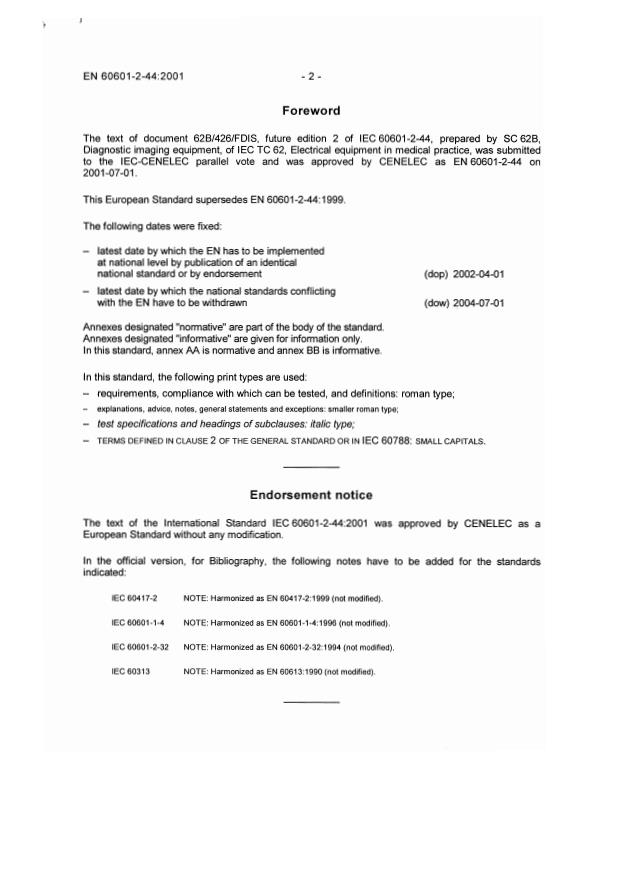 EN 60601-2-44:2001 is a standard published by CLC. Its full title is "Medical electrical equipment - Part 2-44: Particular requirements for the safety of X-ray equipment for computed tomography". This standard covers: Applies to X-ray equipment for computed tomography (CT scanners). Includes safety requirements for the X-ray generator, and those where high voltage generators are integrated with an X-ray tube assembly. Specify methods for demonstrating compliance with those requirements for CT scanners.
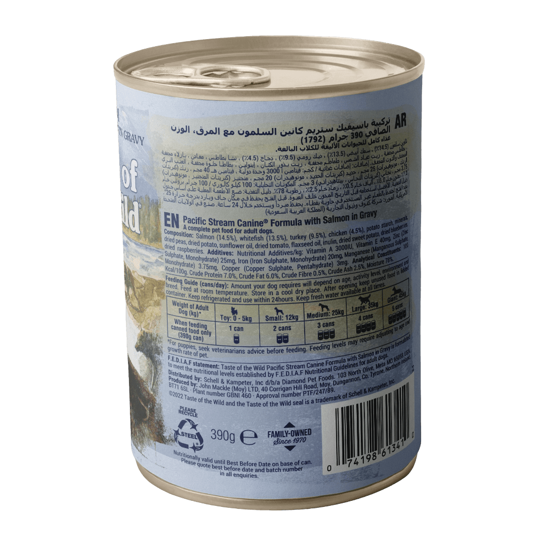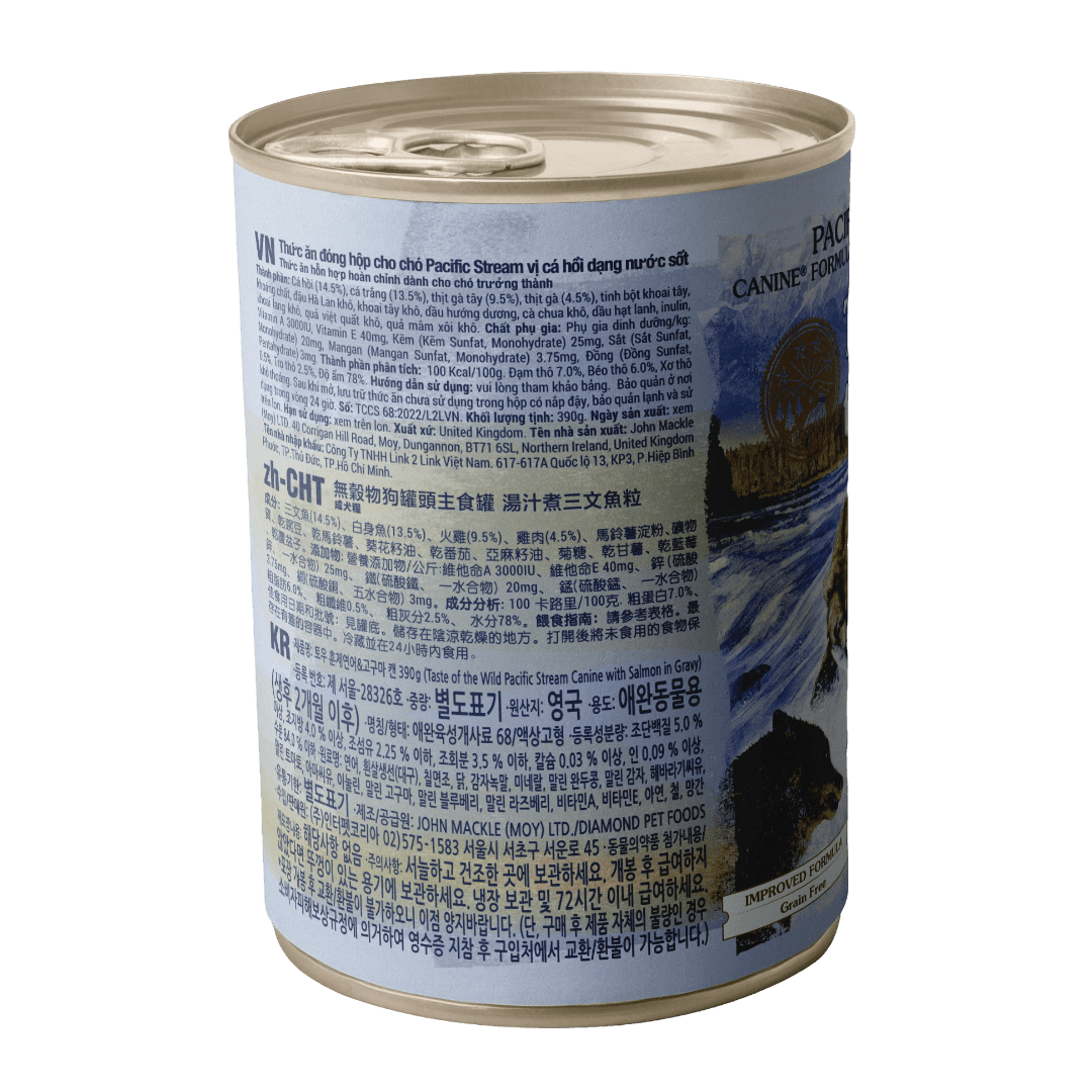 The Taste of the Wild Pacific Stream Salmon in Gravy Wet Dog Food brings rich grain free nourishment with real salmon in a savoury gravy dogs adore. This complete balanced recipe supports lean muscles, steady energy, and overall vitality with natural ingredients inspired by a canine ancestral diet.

----------------

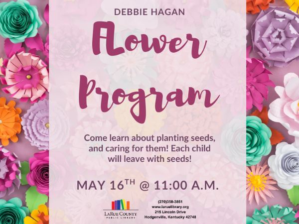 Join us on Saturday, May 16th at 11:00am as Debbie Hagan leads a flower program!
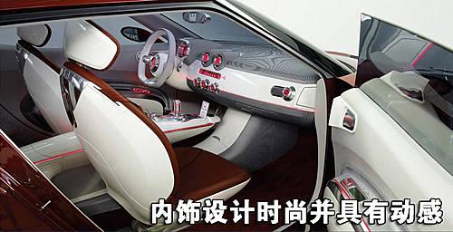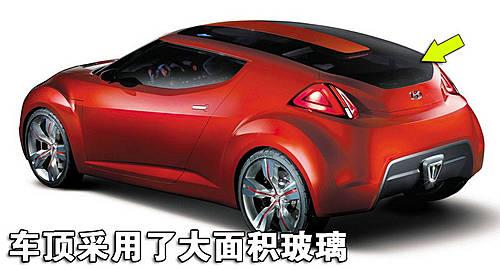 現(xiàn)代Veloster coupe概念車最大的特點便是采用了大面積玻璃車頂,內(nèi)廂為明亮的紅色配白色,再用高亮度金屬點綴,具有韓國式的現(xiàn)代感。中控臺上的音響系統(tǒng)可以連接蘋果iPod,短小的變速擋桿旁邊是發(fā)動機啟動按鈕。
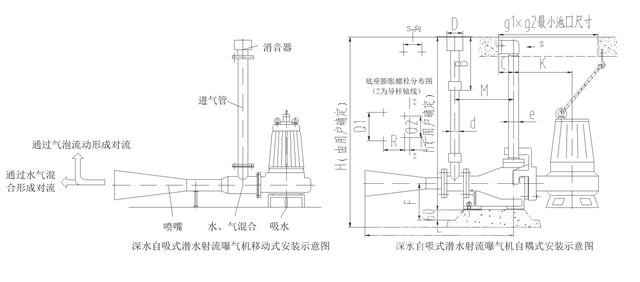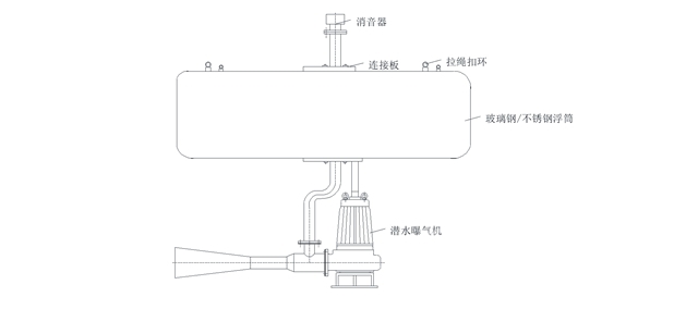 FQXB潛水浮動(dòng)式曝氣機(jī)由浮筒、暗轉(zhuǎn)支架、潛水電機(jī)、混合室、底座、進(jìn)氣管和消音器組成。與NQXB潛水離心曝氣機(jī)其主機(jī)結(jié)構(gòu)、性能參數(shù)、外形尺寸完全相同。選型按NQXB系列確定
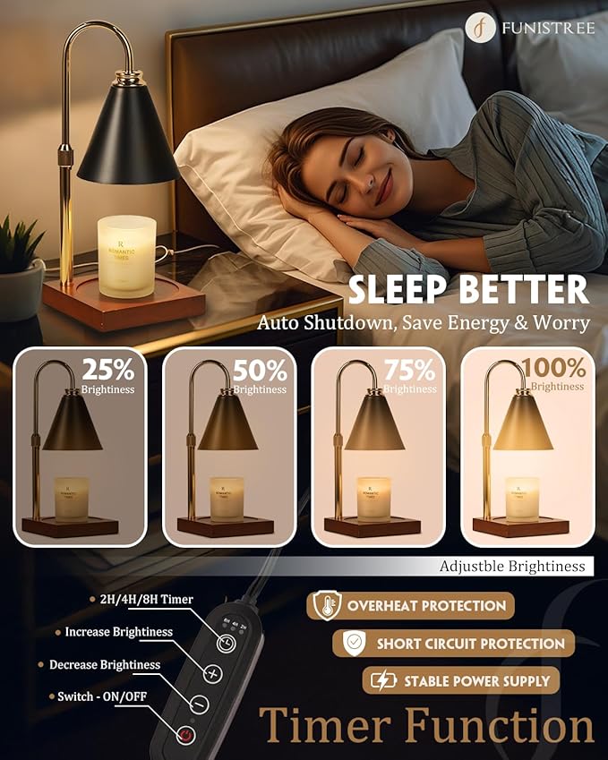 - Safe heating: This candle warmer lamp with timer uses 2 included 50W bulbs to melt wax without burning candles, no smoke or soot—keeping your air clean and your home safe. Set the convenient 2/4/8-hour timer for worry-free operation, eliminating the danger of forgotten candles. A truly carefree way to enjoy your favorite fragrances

----------------

### Your instructions:
Write out, word for word, the stretch of entries that begins at the line with "EN 60601-2-44:2001 is" and ends at the line with "The Taste of". Pictures do not belong in it.

### Solution:
 EN 60601-2-44:2001 is a standard published by CLC. Its full title is "Medical electrical equipment - Part 2-44: Particular requirements for the safety of X-ray equipment for computed tomography". This standard covers: Applies to X-ray equipment for computed tomography (CT scanners). Includes safety requirements for the X-ray generator, and those where high voltage generators are integrated with an X-ray tube assembly. Specify methods for demonstrating compliance with those requirements for CT scanners.
 The Taste of the Wild Pacific Stream Salmon in Gravy Wet Dog Food brings rich grain free nourishment with real salmon in a savoury gravy dogs adore. This complete balanced recipe supports lean muscles, steady energy, and overall vitality with natural ingredients inspired by a canine ancestral diet.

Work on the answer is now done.